*** Opening Supplied material ***
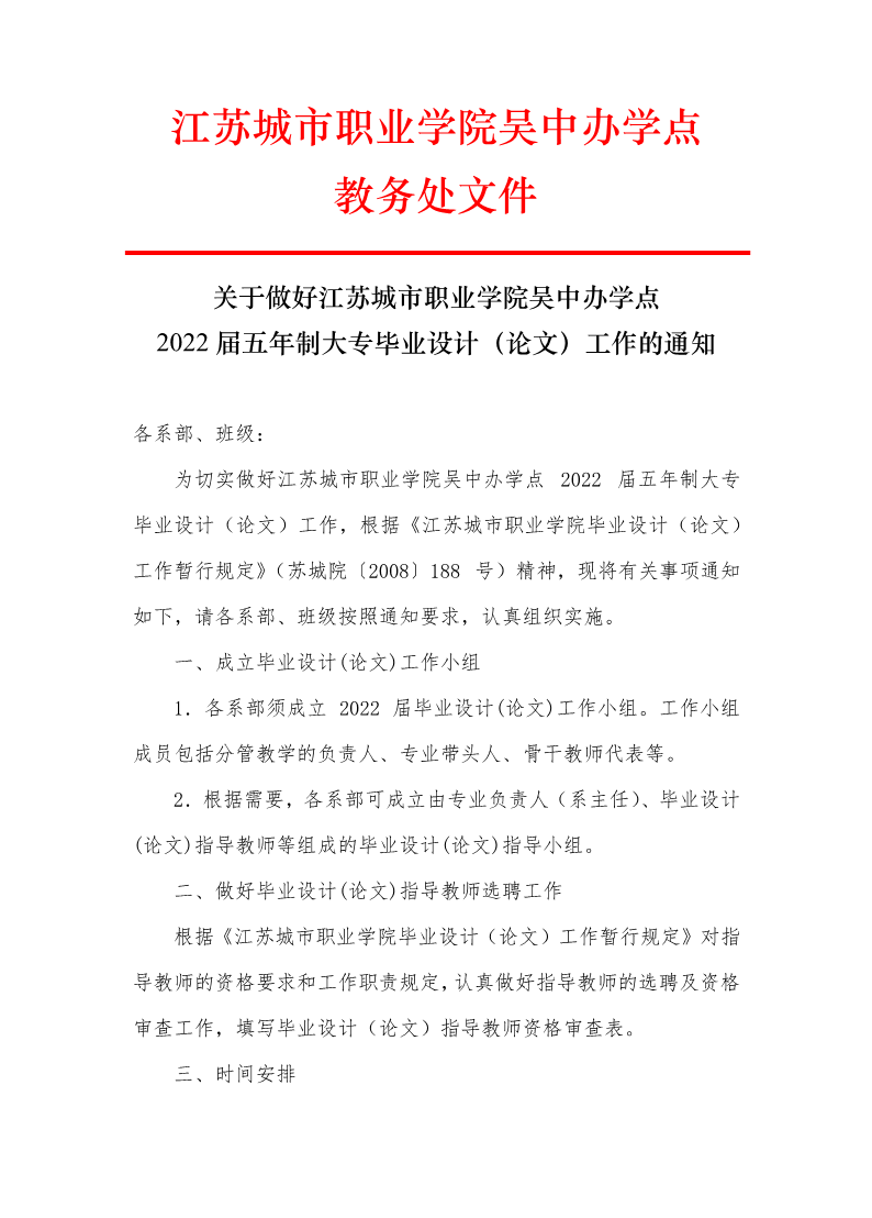 关于做好江苏城市职业学院吴中办学点2022届五年制大专毕业设计(论文)工作的通知 来源: 发布时间:2022-04-03 14:30:56 浏览次数: 次 【字体:小 大】 终审:教务处 分享到: 【打印正文】
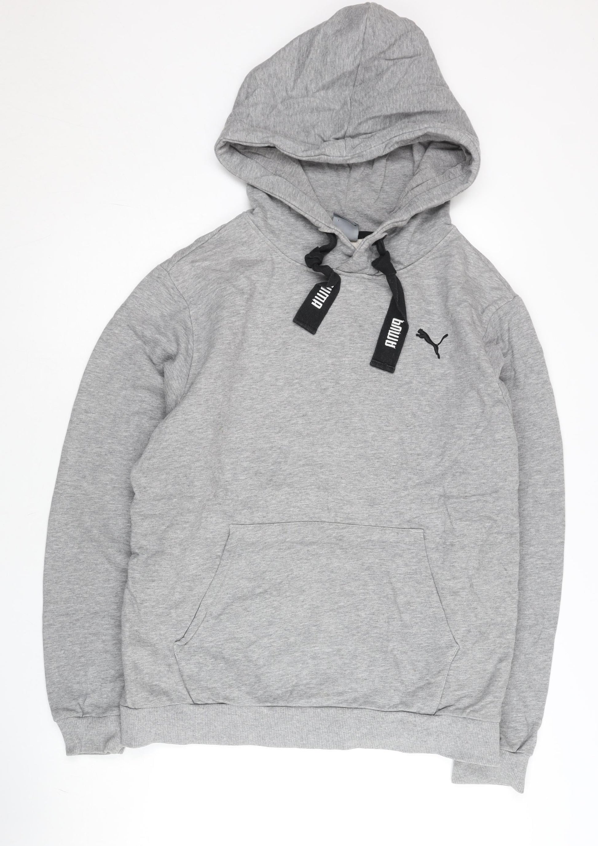 Puma Men’s Grey Pullover Hoodie Medium Regular Fit Cotton Blend
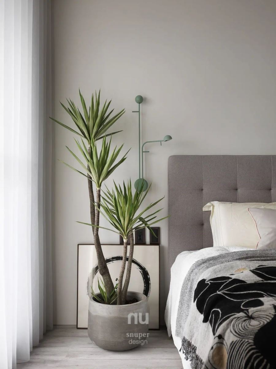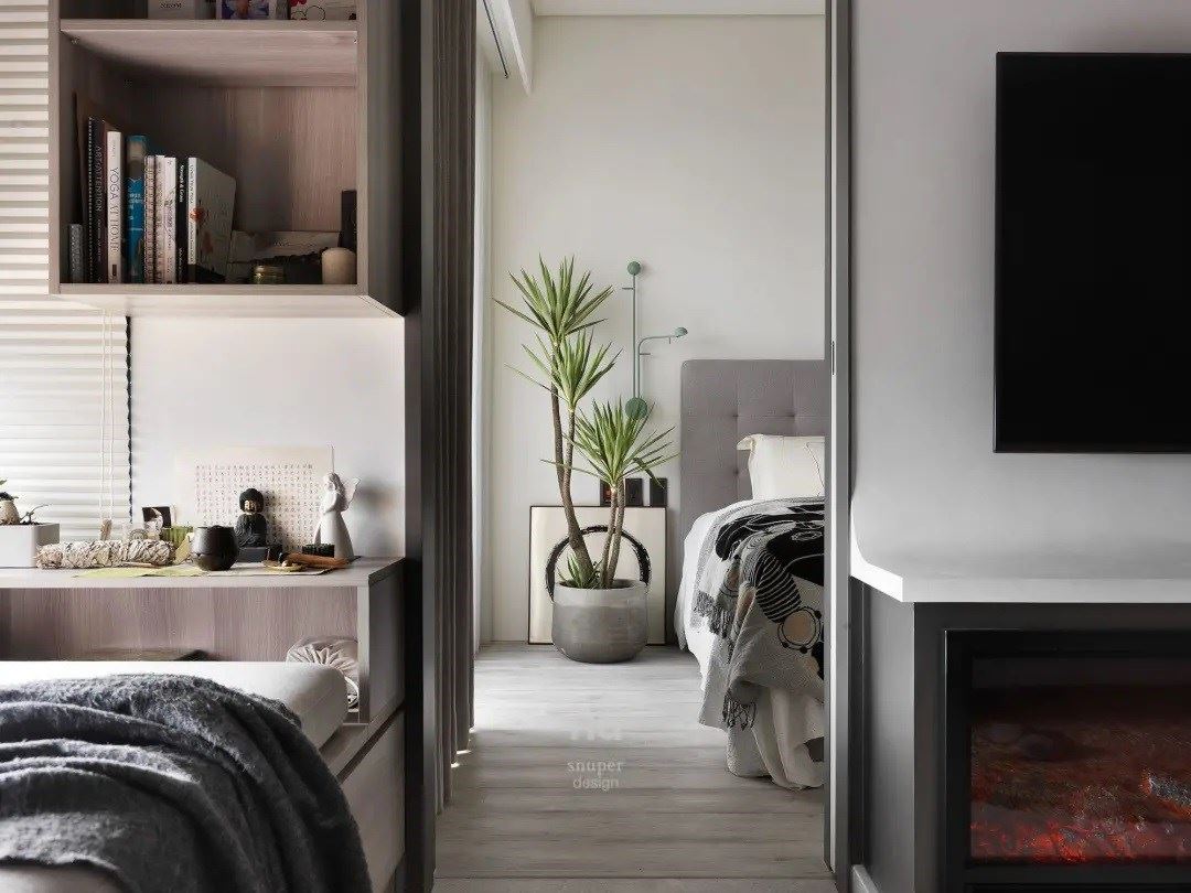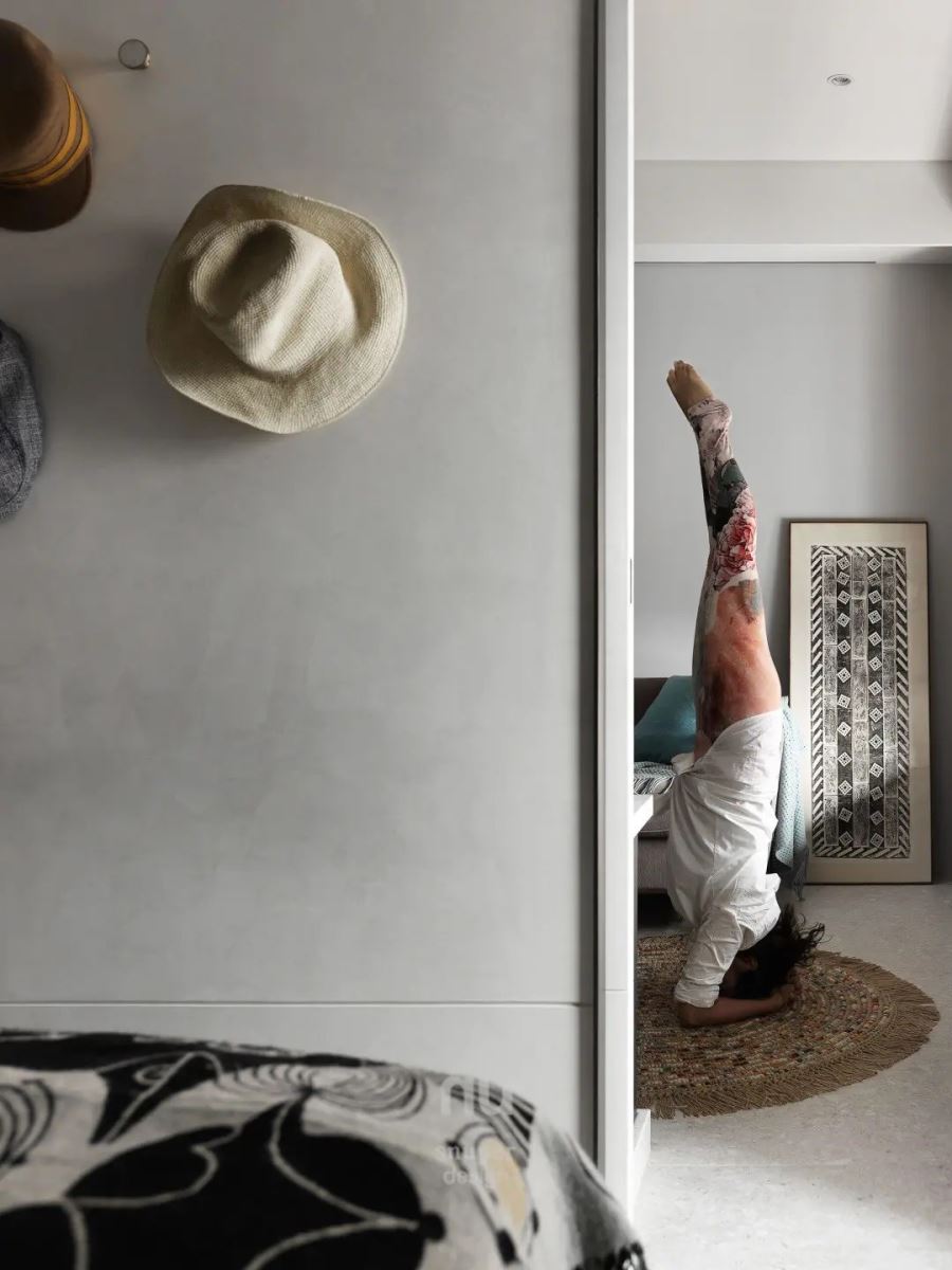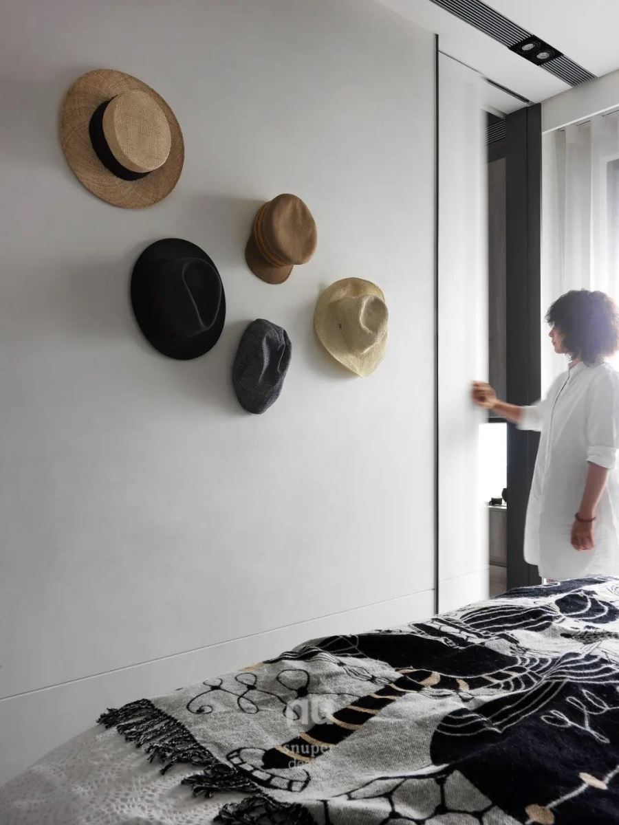 在卧榻区做瑜珈、书房的墙面摆设艺术画作,还有主卧室的床尾陈列出一整面帽子展示墙,局部还有植栽点缀,让生活的轨迹填满室内,写下家的温暖故事。
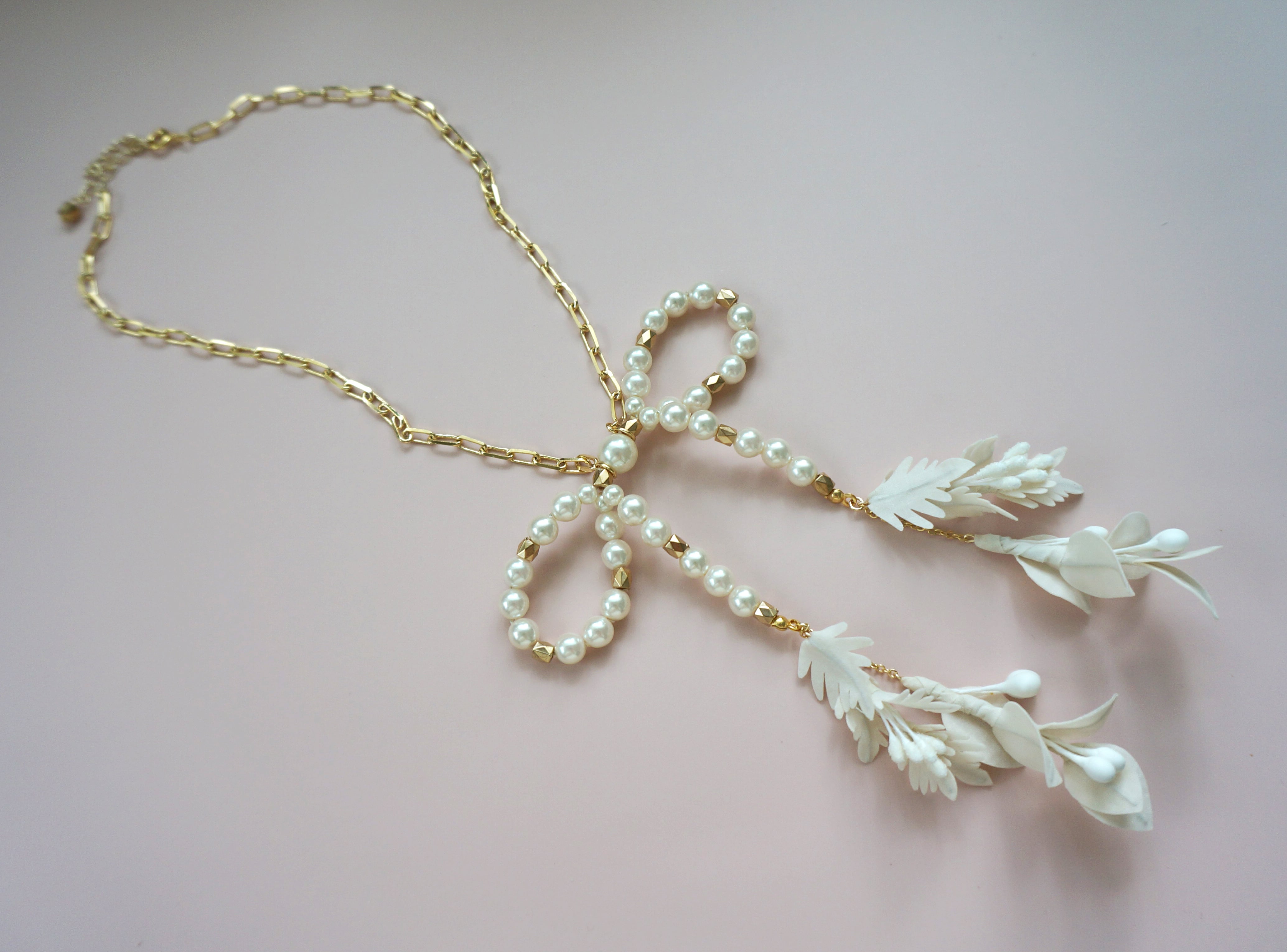リボンモチーフにはっぱモチーフを組み合わせたネックレス
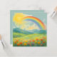 Watercolor Rainbow Landscape with Sun&Wildflowers
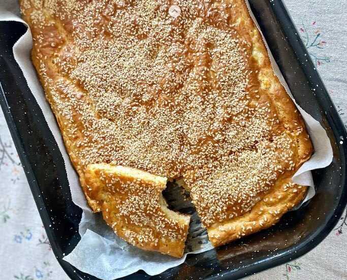 Τυριά: 300 γρ. φέτα χοντροσπασμένη & 100 γρ. τριμμένα διάφορα τυριά…ή μόνο φέτα Σουσάμι για πασπάλισμα!
*** Closing Supplied material ***
Assigned task |
The copy starts at the line holding "Watercolor Rainbow Landscape" and ends at the last line of the records above. Transcribe those lines exactly, pictures excluded.

Output of the task |
 Watercolor Rainbow Landscape with Sun&Wildflowers
 Τυριά: 300 γρ. φέτα χοντροσπασμένη & 100 γρ. τριμμένα διάφορα τυριά…ή μόνο φέτα Σουσάμι για πασπάλισμα!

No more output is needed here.